Saya rasa kita tidak perlu dengan slogan yang terlalu pengen “go internasional”. Lama-lama saya bingung dengan slogan “go internasional” capres satu itu. Sebegitu burukkah Indonesia di mata dunia sehingga harus luar biasa bangkit? Wallahualam…
Walau demikian, banyak kesamaan “ujung” dari semua visi misi mereka. Saya menghargai itu.
Indonesia butuh figur yang meng-Indonesia. Kita tidak harus sama seperti negara asing jika ingin sejajar dengan mereka. Indonesia butuh figur yang Indonesia banget. Gak usah sok kebarat-baratan buat sama dengan dunia barat. Indonesia membutuhkan orang yang mengantarkan Indonesia ke gerbang kemakmuran. Mari membuka mata membuka hati, menyingkirkan ego, fokus pada kelebihan Capres. Ibarat beli HP, liat spesifikasinya. Lupakan casing, karena setiap saat casing bisa diganti. Jangan sampai salah pilih, kemudian ngedumel di ujung hari nanti.

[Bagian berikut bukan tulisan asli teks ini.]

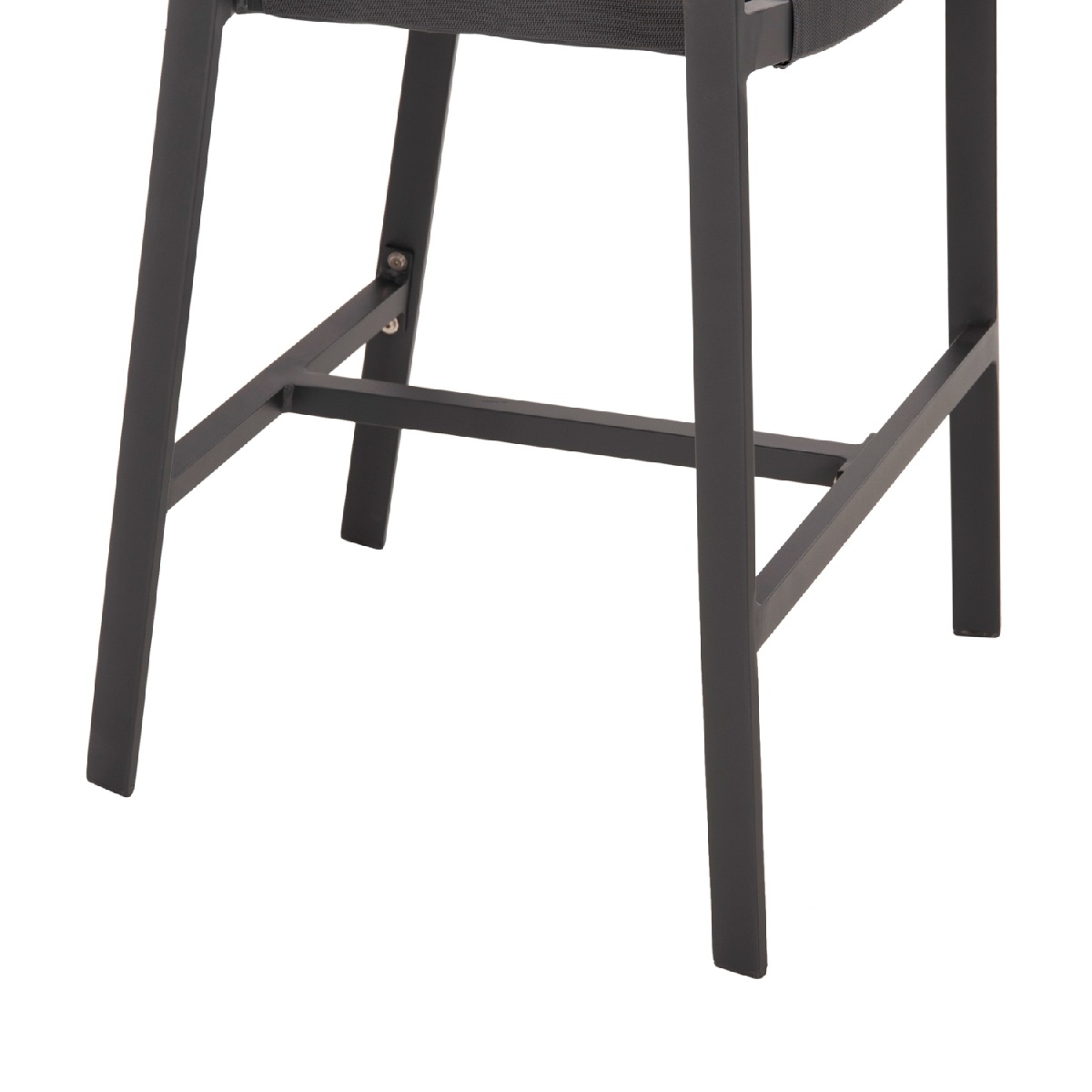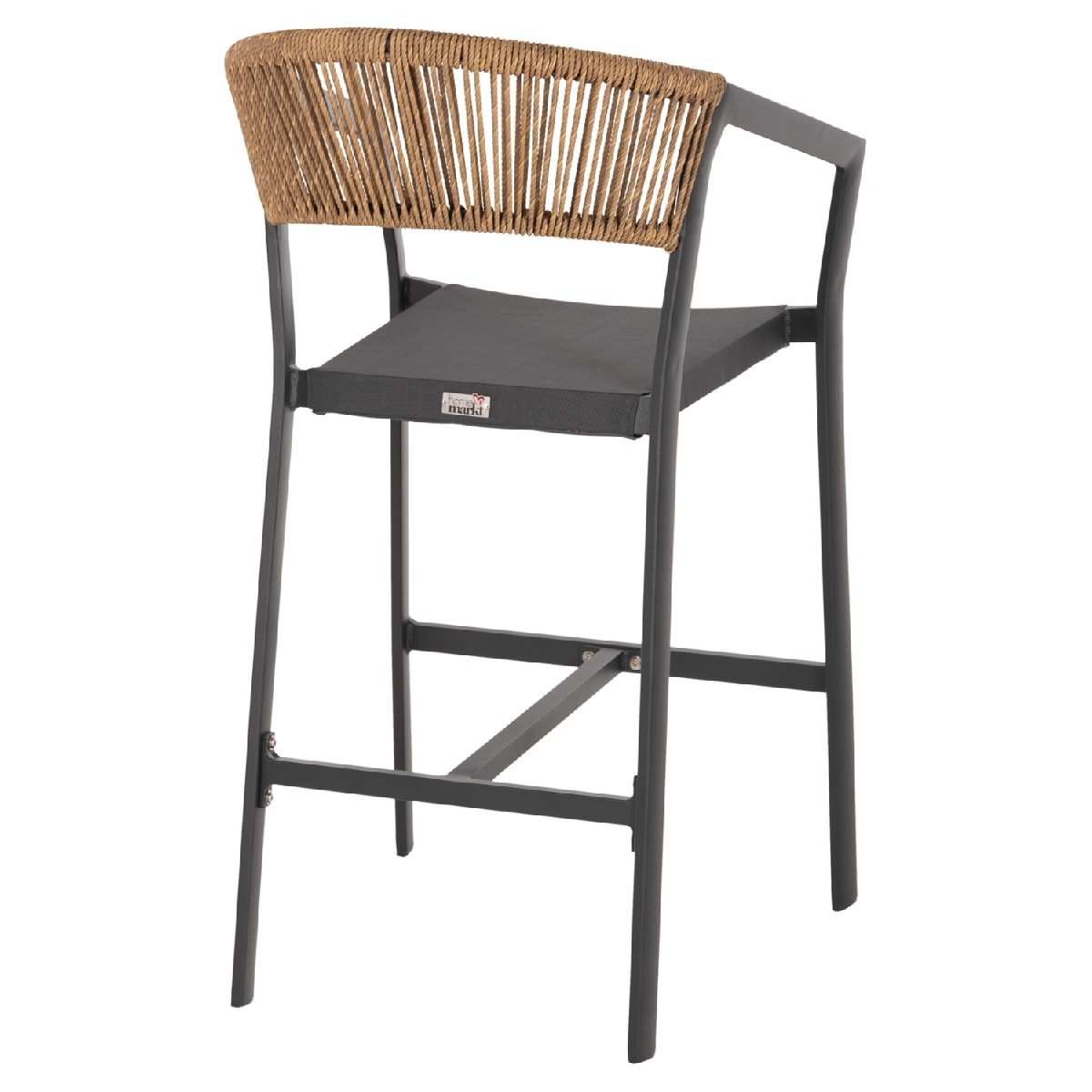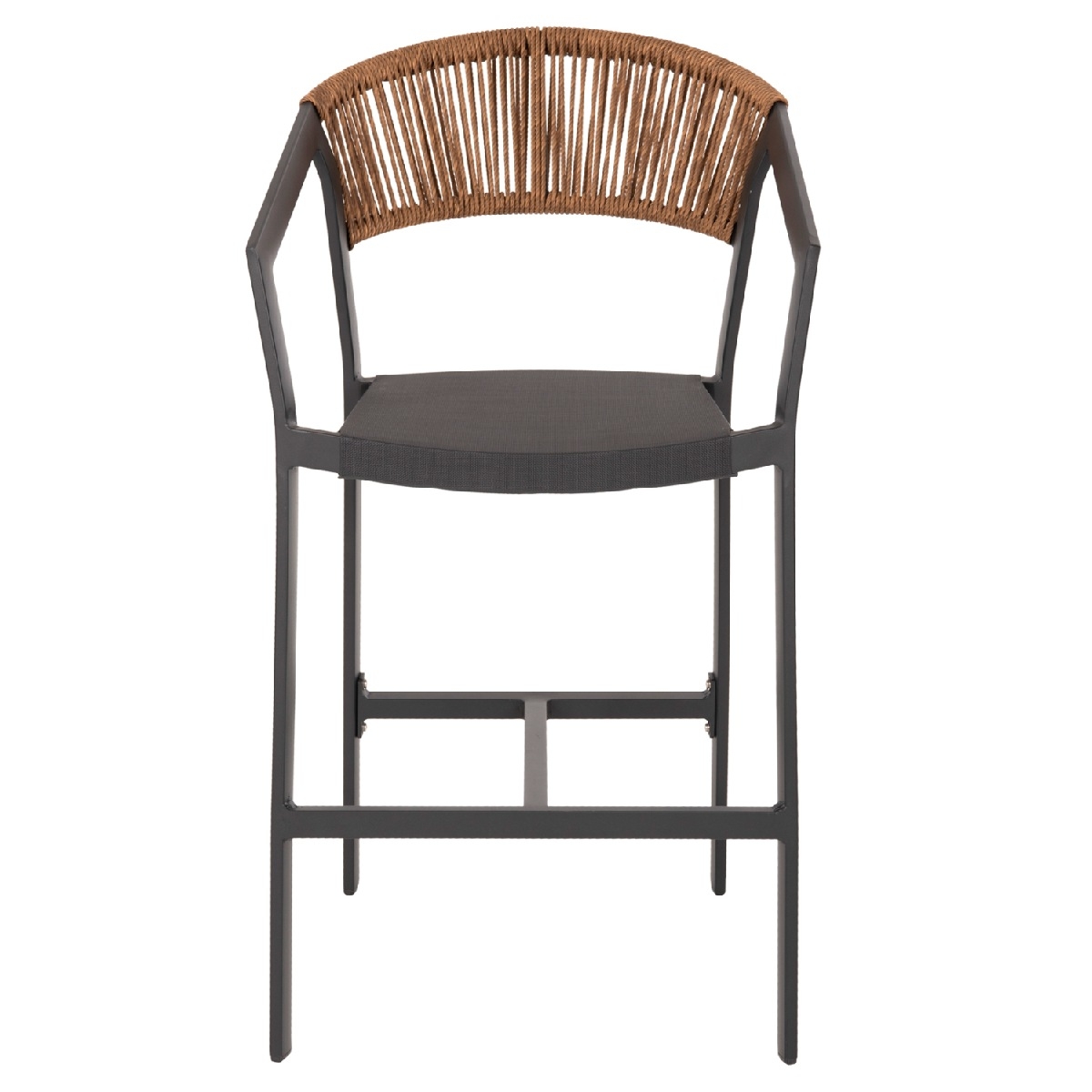 Η πλάτη του σκαμπό είναι επενδυμένη με πολυεστερικό RATTAN. Στα περισσότερα έπιπλα κήπου και γενικά σε έπιπλα για εξωτερικούς χώρους χρησιμοποιείται συνθετικό υλικό από PVC, δηλαδή τεχνητές ίνες υψηλής ποιότητας. Αυτό δίνει στην κατασκευή εξαιρετική αντοχή και ανθεκτικότητα σε ακραίες συνθήκες ζέστης ή κρύου.<br />

Saya mantap memilih no 2, dan saya berjanji tidak akan ngedumel di kemudian hari. Karena, saya yakin mereka sedang bekerja.
Terakhir, saya masyarakat biasa yang melihat semuanya dari kacamata biasa. Saya orang awam, gak ngerti politik yang canggih-canggih. saya hanya ingin yang memimpin kita datang dari kita. Pemimpin yang tidak berjarak.